Entscheidung für die Therapie nach ausreichender Aufklärung nicht zweifelsfrei sicher

Ohne Erfolg blieb der - grundsätzlich zulässige - Einwand des Krankenhauses, dass sich die Patientin auch bei vollständiger Aufklärung für die Chemotherapie mit dem Medikament entschieden hätte. Das Gericht hatte die Klägerin nachdrücklich und lange befragt und es danach für plausibel gehalten, dass sie sich im Fall einer vollständigen Aufklärung in einem sogenannten "echten Entschei­dungs­konflikt" befunden hätte. Es sei nicht sicher, dass sich die Patientin bei der Abwägung zwischen einer abstrakten höheren Überle­bens­wahr­schein­lichkeit mit dem Medikament und dem geringen aber konkreten Risiko des dauerhaften Haarverlustes auch bei vollständiger Aufklärung für diese Therapie entschieden hätte.

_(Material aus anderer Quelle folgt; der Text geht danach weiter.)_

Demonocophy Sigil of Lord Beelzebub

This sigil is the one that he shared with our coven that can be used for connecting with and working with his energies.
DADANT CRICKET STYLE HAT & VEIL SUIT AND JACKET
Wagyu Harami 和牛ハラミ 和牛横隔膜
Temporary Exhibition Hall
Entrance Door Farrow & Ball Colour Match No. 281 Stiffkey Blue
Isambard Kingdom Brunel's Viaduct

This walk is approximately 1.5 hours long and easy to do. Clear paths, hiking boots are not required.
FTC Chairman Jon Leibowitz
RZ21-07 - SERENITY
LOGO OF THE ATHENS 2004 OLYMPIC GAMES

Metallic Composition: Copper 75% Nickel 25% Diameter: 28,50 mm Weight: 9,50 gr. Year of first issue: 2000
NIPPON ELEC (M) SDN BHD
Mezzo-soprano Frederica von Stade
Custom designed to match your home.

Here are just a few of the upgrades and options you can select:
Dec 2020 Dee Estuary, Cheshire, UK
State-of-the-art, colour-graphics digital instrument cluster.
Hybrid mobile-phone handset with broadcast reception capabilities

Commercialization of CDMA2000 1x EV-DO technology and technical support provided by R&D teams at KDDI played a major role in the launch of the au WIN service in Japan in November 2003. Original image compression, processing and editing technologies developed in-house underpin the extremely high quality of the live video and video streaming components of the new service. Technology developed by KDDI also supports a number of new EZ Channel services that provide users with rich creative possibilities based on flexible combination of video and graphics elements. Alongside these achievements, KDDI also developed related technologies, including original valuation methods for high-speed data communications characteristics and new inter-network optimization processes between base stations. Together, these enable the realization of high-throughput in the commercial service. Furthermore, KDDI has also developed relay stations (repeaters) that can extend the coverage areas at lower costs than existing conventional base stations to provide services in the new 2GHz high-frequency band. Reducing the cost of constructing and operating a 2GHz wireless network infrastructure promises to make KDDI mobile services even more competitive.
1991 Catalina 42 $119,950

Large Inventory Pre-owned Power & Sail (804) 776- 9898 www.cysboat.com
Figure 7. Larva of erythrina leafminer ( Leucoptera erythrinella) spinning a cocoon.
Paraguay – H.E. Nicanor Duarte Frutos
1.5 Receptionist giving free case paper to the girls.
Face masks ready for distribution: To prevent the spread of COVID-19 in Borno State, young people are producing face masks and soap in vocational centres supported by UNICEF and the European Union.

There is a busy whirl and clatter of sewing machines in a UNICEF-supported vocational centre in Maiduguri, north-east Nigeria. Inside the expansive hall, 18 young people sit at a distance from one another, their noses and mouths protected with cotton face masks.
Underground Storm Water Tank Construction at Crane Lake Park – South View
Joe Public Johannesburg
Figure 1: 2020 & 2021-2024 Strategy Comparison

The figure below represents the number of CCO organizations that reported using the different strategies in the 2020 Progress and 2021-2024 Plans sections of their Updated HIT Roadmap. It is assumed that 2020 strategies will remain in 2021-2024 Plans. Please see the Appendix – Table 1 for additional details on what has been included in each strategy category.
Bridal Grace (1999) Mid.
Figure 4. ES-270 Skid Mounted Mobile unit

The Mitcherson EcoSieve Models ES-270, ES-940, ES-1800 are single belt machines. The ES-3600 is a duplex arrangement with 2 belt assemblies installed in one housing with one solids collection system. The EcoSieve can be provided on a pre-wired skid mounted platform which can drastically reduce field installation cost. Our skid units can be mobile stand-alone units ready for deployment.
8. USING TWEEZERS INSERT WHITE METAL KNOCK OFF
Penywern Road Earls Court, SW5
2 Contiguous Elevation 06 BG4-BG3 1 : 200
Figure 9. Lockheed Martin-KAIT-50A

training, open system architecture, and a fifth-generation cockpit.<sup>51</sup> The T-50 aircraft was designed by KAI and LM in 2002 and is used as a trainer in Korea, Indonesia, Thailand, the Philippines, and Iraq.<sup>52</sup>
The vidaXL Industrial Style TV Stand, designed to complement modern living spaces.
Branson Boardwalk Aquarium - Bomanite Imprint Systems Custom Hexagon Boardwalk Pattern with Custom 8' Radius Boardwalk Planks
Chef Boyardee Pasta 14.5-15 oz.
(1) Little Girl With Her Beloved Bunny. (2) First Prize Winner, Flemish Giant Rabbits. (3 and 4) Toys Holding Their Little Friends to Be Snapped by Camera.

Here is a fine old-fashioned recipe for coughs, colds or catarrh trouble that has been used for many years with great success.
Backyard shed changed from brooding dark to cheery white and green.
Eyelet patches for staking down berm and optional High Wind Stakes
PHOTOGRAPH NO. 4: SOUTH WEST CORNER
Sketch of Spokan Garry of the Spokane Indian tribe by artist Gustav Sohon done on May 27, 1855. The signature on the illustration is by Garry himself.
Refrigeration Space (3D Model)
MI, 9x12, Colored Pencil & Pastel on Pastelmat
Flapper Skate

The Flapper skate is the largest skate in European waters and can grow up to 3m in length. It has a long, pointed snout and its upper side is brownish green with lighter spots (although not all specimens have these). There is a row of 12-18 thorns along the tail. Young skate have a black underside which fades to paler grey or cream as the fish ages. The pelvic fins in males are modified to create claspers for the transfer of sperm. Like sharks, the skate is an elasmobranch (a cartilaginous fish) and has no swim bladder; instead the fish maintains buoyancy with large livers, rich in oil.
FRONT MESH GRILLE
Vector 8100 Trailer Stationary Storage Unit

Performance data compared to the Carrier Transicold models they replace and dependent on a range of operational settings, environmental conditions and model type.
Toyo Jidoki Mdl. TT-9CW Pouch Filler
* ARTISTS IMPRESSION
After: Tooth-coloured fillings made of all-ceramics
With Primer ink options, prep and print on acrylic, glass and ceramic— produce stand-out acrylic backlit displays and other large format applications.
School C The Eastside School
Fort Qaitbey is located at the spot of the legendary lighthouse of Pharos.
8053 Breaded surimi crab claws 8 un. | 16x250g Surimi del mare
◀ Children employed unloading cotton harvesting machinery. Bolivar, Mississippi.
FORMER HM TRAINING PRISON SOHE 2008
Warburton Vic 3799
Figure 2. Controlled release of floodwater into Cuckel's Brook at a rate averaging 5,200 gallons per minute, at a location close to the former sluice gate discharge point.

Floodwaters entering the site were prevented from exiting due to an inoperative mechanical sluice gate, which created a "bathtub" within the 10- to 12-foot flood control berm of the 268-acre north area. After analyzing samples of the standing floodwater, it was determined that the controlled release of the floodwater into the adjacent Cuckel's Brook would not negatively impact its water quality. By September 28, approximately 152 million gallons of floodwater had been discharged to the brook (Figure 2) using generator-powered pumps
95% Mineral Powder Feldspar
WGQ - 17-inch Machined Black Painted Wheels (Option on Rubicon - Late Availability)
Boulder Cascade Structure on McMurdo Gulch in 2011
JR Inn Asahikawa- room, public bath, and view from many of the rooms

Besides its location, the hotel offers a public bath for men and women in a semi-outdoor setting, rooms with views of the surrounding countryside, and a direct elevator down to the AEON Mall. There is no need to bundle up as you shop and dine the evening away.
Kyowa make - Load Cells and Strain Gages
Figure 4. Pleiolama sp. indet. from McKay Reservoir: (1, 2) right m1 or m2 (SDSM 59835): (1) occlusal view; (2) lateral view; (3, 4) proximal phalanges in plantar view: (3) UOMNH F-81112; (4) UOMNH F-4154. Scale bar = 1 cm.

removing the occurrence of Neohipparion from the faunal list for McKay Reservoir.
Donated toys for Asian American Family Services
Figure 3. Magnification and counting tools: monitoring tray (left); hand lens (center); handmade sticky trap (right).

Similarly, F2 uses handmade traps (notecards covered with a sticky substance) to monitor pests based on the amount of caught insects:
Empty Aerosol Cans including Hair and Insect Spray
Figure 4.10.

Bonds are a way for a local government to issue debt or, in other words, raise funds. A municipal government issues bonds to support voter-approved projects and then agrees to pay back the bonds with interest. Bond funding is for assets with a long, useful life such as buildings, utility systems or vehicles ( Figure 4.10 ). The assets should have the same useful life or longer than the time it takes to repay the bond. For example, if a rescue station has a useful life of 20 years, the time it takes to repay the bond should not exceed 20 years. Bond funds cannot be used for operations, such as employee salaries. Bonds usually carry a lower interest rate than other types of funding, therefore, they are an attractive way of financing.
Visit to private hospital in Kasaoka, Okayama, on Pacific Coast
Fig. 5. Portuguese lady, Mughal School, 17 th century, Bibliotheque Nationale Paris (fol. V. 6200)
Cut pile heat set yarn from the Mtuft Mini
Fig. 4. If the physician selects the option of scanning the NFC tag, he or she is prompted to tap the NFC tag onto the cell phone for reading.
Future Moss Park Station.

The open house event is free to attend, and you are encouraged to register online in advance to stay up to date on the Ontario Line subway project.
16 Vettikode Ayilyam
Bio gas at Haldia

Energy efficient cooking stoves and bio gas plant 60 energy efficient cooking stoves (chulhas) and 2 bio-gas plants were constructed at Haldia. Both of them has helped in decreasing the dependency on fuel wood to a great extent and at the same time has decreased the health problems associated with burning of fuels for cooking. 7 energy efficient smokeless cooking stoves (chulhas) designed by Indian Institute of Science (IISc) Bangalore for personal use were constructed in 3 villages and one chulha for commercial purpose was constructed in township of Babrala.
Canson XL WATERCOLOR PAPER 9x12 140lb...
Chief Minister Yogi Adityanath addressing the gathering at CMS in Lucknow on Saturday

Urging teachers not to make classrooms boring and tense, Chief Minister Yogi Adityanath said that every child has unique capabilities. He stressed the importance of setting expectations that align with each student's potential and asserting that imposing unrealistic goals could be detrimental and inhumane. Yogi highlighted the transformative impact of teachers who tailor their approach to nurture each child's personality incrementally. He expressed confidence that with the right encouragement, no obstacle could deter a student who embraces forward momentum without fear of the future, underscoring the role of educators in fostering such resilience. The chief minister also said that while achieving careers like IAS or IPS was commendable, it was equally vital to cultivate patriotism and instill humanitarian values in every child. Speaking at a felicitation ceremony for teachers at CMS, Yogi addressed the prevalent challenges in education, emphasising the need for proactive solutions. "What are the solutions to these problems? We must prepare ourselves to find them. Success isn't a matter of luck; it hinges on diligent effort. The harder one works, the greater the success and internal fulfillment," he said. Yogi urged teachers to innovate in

Höhe des Schmer­zens­geldes ergibt sich aus psychischen Folgen durch Haarverlust

Bei der Höhe des Schmer­zens­geldes hat das Gericht insbesondere berücksichtigt, dass es bei der Klägerin zu erheblichen und nachhaltigen psychischen Folgen und seelischen Belastungen aufgrund des Haarverlustes gekommen ist.